Но так славно отрепетированный спектакль не состоялся. Как только они открыли дверь в палату — Сашка тут же вскочил с кровати и поскакал им навстречу на одной ноге, протягивая руки и улыбаясь так, будто сто лет их ждал и не чаял уже, что дождется. Витька бросился ему на помощь, обхватил за талию, подставил свое мужественное плечо, тревожно забормотал что-то в том смысле, что бегать папе еще рано, вдруг опять чего-нибудь с этими швами случится… И Вера, конечно, тоже на помощь бросилась — все-таки раненый, хоть и идиот, но клятва Гиппократа, врачебная этика, все такое… Даже как-то забыла, что она не практикующий врач.

Сашка обнял их одновременно, Витьку левой рукой, а Веру — правой… Даже ребенка не стесняется. Наверное, ему действительно самостоятельно стоять еще больно, а из Витьки опора пока сомнительная. Это она так объясняла себе бесстыжее Сашкино поведение, а плечи под его рукой наливались живым пульсирующим теплом, это тепло заливало ее, затопляло, плескалось вокруг сердца и волной поднималось к лицу. Кажется, она сейчас покраснеет. Впервые в жизни. Вот интересно — нос тоже будет розовым? Как у кошки Пушки…

— Маска, я тебя знаю, — сказал Сашка. — Вить, как ты ее узнал? Она же вся занавешенная…

Прижимая к себе крепче, обвил рукой шею и потащил с нее очки. Вот уж у кого, действительно, щупальце ловкое. Но это почему-то показалось не обидным, а смешным. Наверное, потому, что он все время смеется. И Витька его смеется. Нет, они все-таки похожи… Ой, что же он делает… Нельзя же так… И при ребенке…

— Вить, — деловито позвала Вера, давя в себе панику. — Как ты считаешь, мы это тело так сумеем на кровать перекантовать или его сначала оглушить придется?

Витька поднял счастливую мордашку, встретился с ней глазами и радостно завопил:

— Вау! Пап, смотри! Совсем как Пушка!

Сашка смеялся у нее над ухом и под шумок стаскивал своим ловким щупальцем с нее марлевую маску.

— А так? — спросил он с гордостью. — Ничего себе, а, Вить?

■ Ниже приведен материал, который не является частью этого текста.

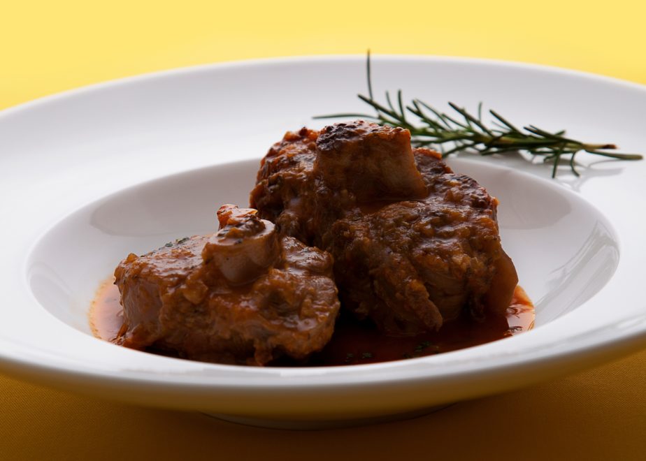 Em uma panela refogue a cebola, a cenoura e o salsão, coloque a carne e deixe dourar. Regue com o vinho, incorpore o extrato de tomate diluído no caldo de frango, coloque a sálvia e os alecrins picados; veja o sal, tampe e deixe cozinhar durante 45 minutos em fogo lento.

Витька с веселым интересом порассматривал Верино лицо, мотнул головой и согласился:

— Ничего себе. Хорошенькая. Только стри-и-иженая…

О ней никогда не говорили «ничего себе» или «хорошенькая». Когда она была пришельцем, замаскированным под картофельный росток, самое хорошее, что говорили, — это «бедный ребенок». А потом, когда стала красавицей, вообще ничего не говорили, потому что теряли дар речи. А тут нате вам — «ничего себе»! И при том еще и смеются!